During its full-year results presentation in early February, it laid out 10 major projects that had been given the green light. One of the most interesting is the development of the Kirkuk oil and gas fields in Iraq.
The fields were first discovered over 100 years ago by a consortium that included BP. Given the well-documented history of the country, a tie-up with the government must be seen as a major coup. After all, the whole area sits in one of the most prolific hydrocarbon regions on the planet.
Over the lifetime of the project, the investment could be as large as $25bn. But this investment could be worth its weight in gold. It estimates that the fields and surrounding areas house over 20bn barrels of potential resource.
Execution risk
Key to a successful strategy is improving fundamentals. By 2027, BP is targeting growing adjusted free cash flow at a compound annual growth rate of 20%, from around $8bn price adjusted in 2024. Return on average capital employed (ROACE) will improve by four percentage points to 16%.
But the devil is in the detail. Words are cheap, it’s execution that matters.
Ultimately, the success or failure of a strategy comes down to the employees who will need to implement it. That’s why in any major transformation I like to primarily hone in on the ‘people dimension’.
Five years ago, BP marketed itself as ‘beyond petroleum’. A lot of the hires since then would have come in potentially with a certain set of believes and mindsets about what that entailed. Now they are being asked to re-assess such core beliefs.
The point of giving just this one small example is to highlight the significant execution risks the company faces over the next few years.
Energy is life
Ultimately, BP got the pace of the energy transition wrong. The main reason why I first opened up a position in the company and Shell back in 2020 was a belief that the demise of oil and gas was exaggerated.
I certainly didn’t predict Covid, a supply chain reset, and a war in Europe, all of which contributed to soaring energy prices. But today, the investment case for BP is just as compelling as in 2020.

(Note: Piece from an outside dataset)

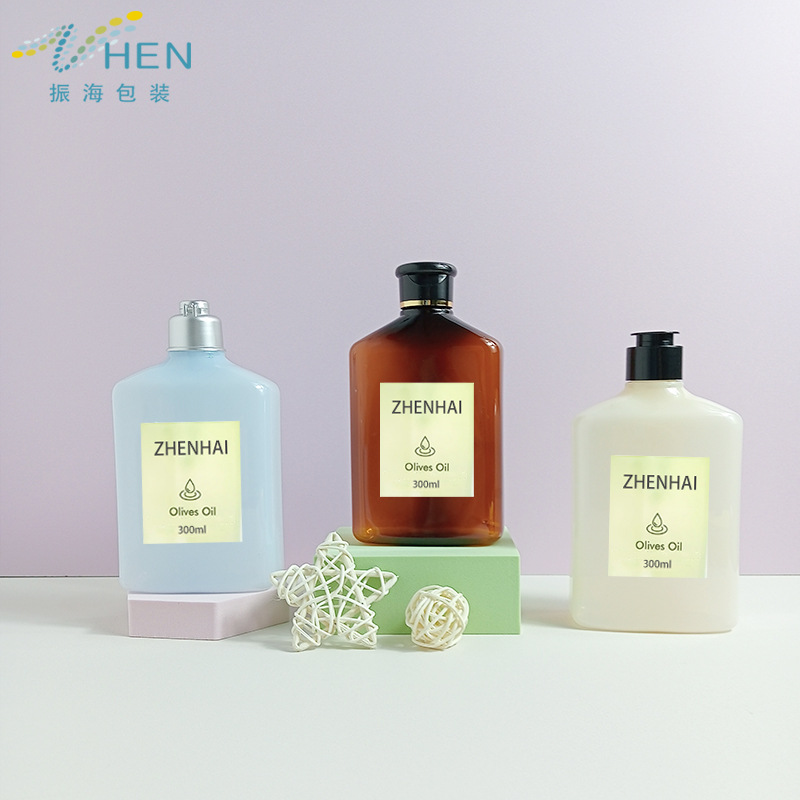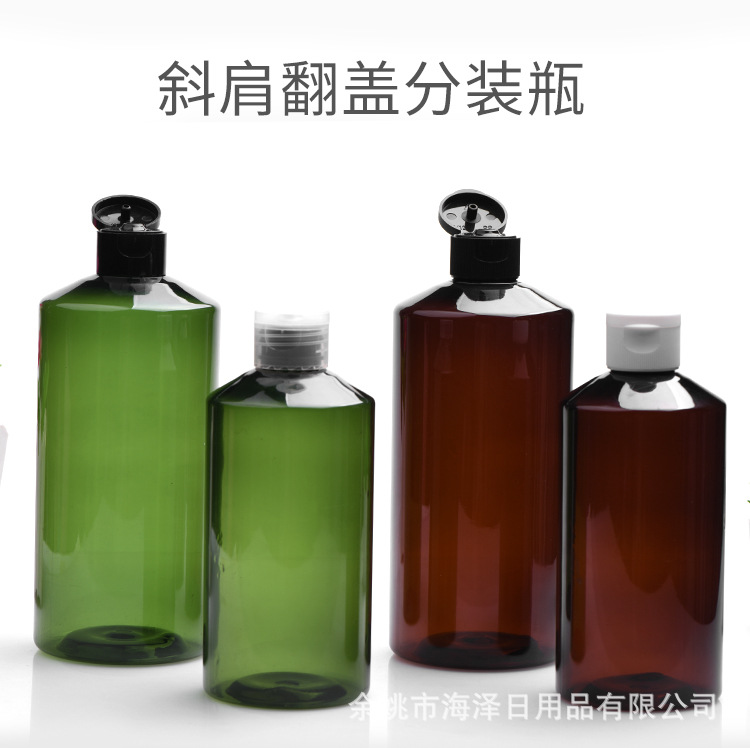 斜め肩プラスチックフラットボトル 300 ミリリットルフリップトップケアボトル PET シャワーオイルボトルシャンプーシャワージェルローション詰め替えボトル

Demand for energy is growing. Increasing urbanisation, a growing Asian middle class, onshoring of manufacturing in the US, AI and data centres. Even green technologies need it. Everywhere you look, the world is hungry for energy.
Who knows how long BP will languish behind its peers. My guess is that over time the valuation gap will close. That’s why I continue to reinvest my dividends and buy more shares when finances allow.